Median of a Matrix with sorted rows

A simple O(1) memory solution is to check if each individual element z is the median. To do this we find the position of z in all rows, just accumulating the number of elements smaller than z. This doesn't use the fact that each row is sorted except finding the position of z in each row in O(log M) time. For each element we need to do N*log M comparisons, and there are N*M elements, so it is N²M log M.


Consider the following process.

  • If we consider the N*M matrix as 1-D array then the median is the element of 1+N*M/2 th element.

  • Then consider x will be the median if x is an element of the matrix and number of matrix elements ≤ x equals 1 + N*M/2.

  • As the matrix elements in each row are sorted then you can easily find the number of elements in each row less than or equals x. For finding in the whole matrix, the complexity is N*log M with binary search.

  • Then first find the minimum and maximum element from the N*M matrix. Apply Binary Search on that range and run the above function for each x.

  • If the number of elements in matrix ≤ x is 1 + N*M/2 and x contains in that matrix then x is the median.

You can consider this below C++ Code :

int median(vector<vector<int> > &A) {
    int min = A[0][0], max = A[0][0];
    int n = A.size(), m = A[0].size();
    for (int i = 0; i < n; ++i) {
        if (A[i][0] < min) min = A[i][0];
        if (A[i][m-1] > max) max = A[i][m-1];
    }

    int element = (n * m + 1) / 2;
    while (min < max) {
        int mid = min + (max - min) / 2;
        int cnt = 0;
        for (int i = 0; i < n; ++i)
            cnt += upper_bound(&A[i][0], &A[i][m], mid) - &A[i][0];
        if (cnt < element)
            min = mid + 1;
        else
            max = mid;
    }
    return min;
}

If the matrix elements are integers, one can binary search the median starting with the matrix range for hi and low. O(n log m log(hi-low)).

Otherwise, one way that has O(n²log²m) wost-case time complexity is to binary search, O(log m), for each row in turn, O(n), the closest element to the overall matrix median from the left and the closest from the right, O(n log m), updating the best so far. We know the overall median has no more than floor(m * n / 2) elements strictly less than it, and that adding the number of elements less than it and the number of times it occurs can be no less than floor(m * n / 2) + 1. We use standard binary search on the row, and – as greybeard pointed out – skip the test for elements outside our 'best' range. The test for how close an element is to the overall median involves counting how many elements in each row are strictly less than it and how many equal, which is achieved in O(n log m) time with n binary searches. Since the row is sorted, we know greater elements would be more "to the right" and lesser elements more "to the left" in relation to the overall median.

If one is permitted to rearrange the matrix, O(mn log (mn)) time complexity is possible by sorting the matrix in place (using block sort, for example) and returning the middle element.


This Question is quite similar to finding kth smallest element in a row and column wise sorted matrix.

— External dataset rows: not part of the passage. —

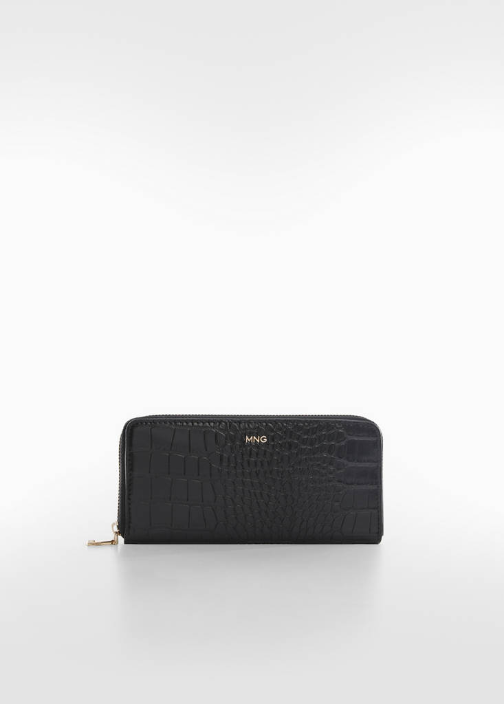 Mida gran, efecte cocodril, butxaca interior de cremallera, múltiples ranures per a targetes, tanca de cremallera, logotip en relleu, folre interior.
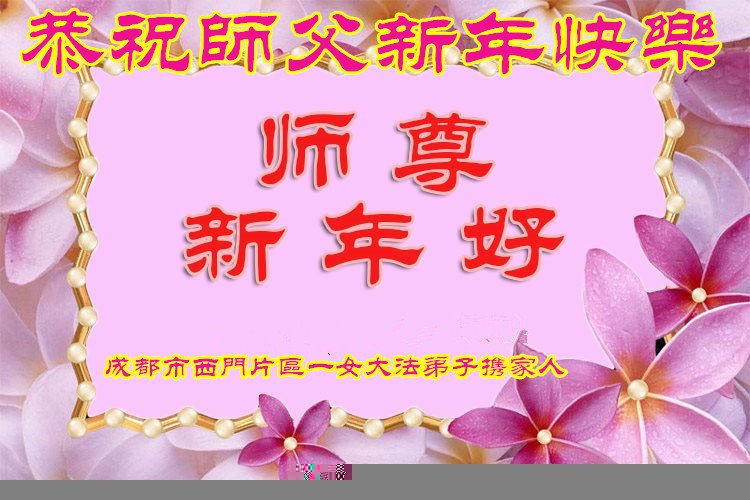 四川省成都西门片区一女大法弟子携家人恭祝师父新年快乐!
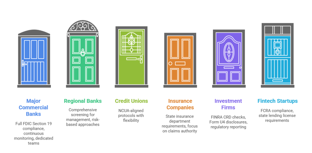 - Major commercial banks: Full FDIC Section 19 compliance, continuous monitoring systems, dedicated compliance teams

So this problem can be solved using binary search and optimised counting in a sorted Matrix. A binary search takes O(log(n)) time and for each search value it takes n iterations on average to find the numbers that are smaller than the searched number. The search space for binary search is limited to the minimum value in the Matrix at mat[0][0] and the maximum value mat[n-1][n-1].

For every number that is chosen from the binary search we need to count the numbers that are smaller than or equal to that particular number. And thus the k^th smallest number or the median can be found.